In a recent issue of Neuron, Agarwal et al. (2017) report that calcium efflux from mitochondria during brief openings of the mitochondrial permeability transition pore (mPTP) contribute to calcium microdomains.
Summary from Amit Agarwal, Neuroscience Graduate student and first author:
Astrocytes are star shaped cells in the brain that provide crucial homeostatic support to the nervous system. They have a very elaborate shape, with highly branched processes that make contact with key structural elements including synapses, the points of communication between neurons, blood vessels to control the supply of energy to the brain, as well as nodes of Ranvier where action potentials are initiated along nerve axons. Although astrocytes are not electrically “excitable” like neurons, their processes are studded with receptors for a variety of neurotransmitters, many of which trigger intracellular calcium levels to rise. This form of signaling was discovered in cultured astrocytes more than thirty years ago, and in the last decade has been shown to occur in awake and behaving mice. These dynamic changes in calcium have been linked to changes in blood vessel diameter, increases in ATP production and the release of neuromodulatory substances, suggesting that they participate in key aspects of brain physiology. In addition to cell-wide changes in calcium, astrocytes also exhibit spontaneous increases in calcium in small, isolated regions along their branches, regions functionally defined as microdomains. Yet, little is known about this remarkable, highly localized form of signaling. Are astrocytes responding to activity in the neurons around them or are astrocytes initiating the activity themselves? And where does the calcium come from and what is the purpose of its increase?
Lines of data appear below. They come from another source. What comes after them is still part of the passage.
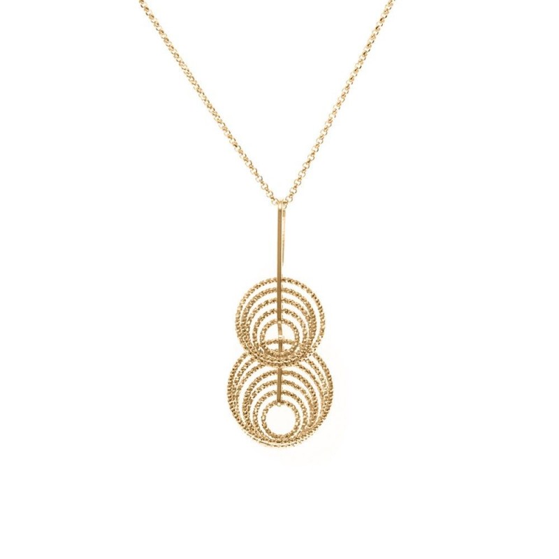 Collier ORUS, en argent 925/1000 et plaque or avec pendentif pendant de cercles de différentes tailles sur chaine maille jaseron. Fermoir mousqueton. Longueur ajustable de 40cm à 45cm. Poids: 6.06g
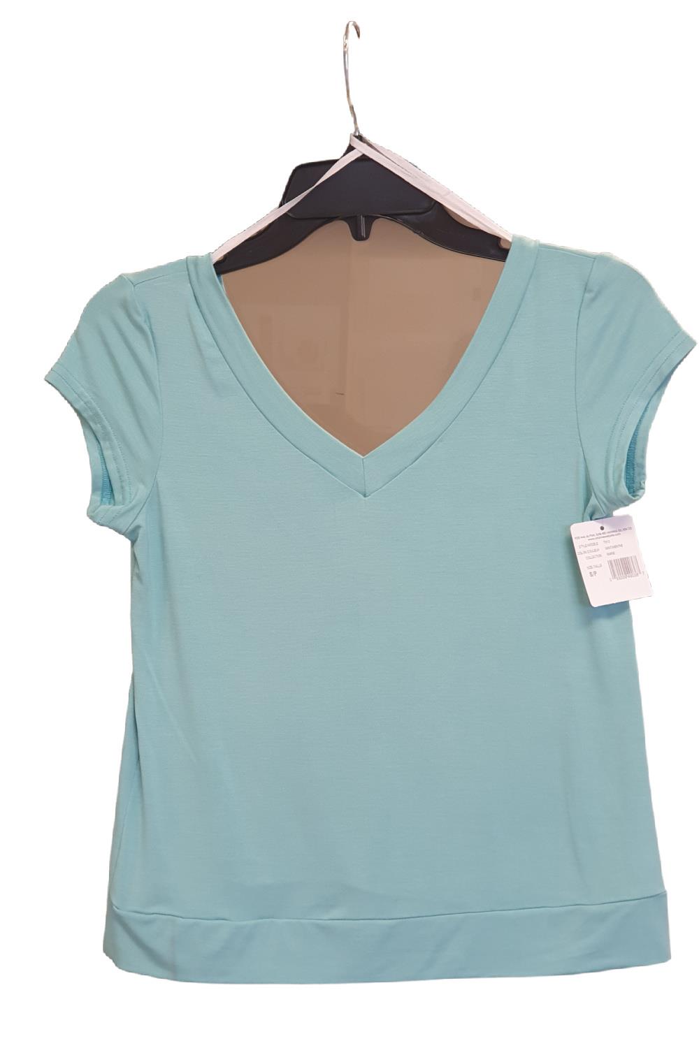 Arianne Marie V-neck top in mint with a banded hem is a classic short-sleeve top made in a soft, breathable, stretch fabric that keeps you cool and comfortable. This beautiful top goes with any outfit.
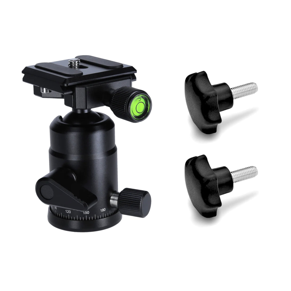 Comes with 2x custom-modified 3/8"-16 x 10mm Star Knob Screws for attaching the Ballhead to your SCHLEPP Camera Cart.
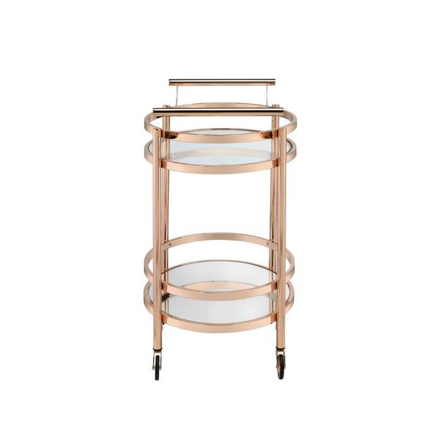 Gold Metal Serving Cart with 4-Wheels and Glass Shelf

To study microdomain activity in astrocytes, we developed several new technologies. To be able to see calcium changes in the thin branches of astrocytes, we genetically engineered mice so that their astrocytes would produce a calcium sensor — a protein attached to their membranes that would glow green when calcium was present. Microdomain activity in astrocytes of these mice exhibited a constellation of brief flashes all over the cell. To quantify this complex form of activity, we developed software based on machine learning to automatically detect and monitor key features of these events, such as their area, magnitude and frequency.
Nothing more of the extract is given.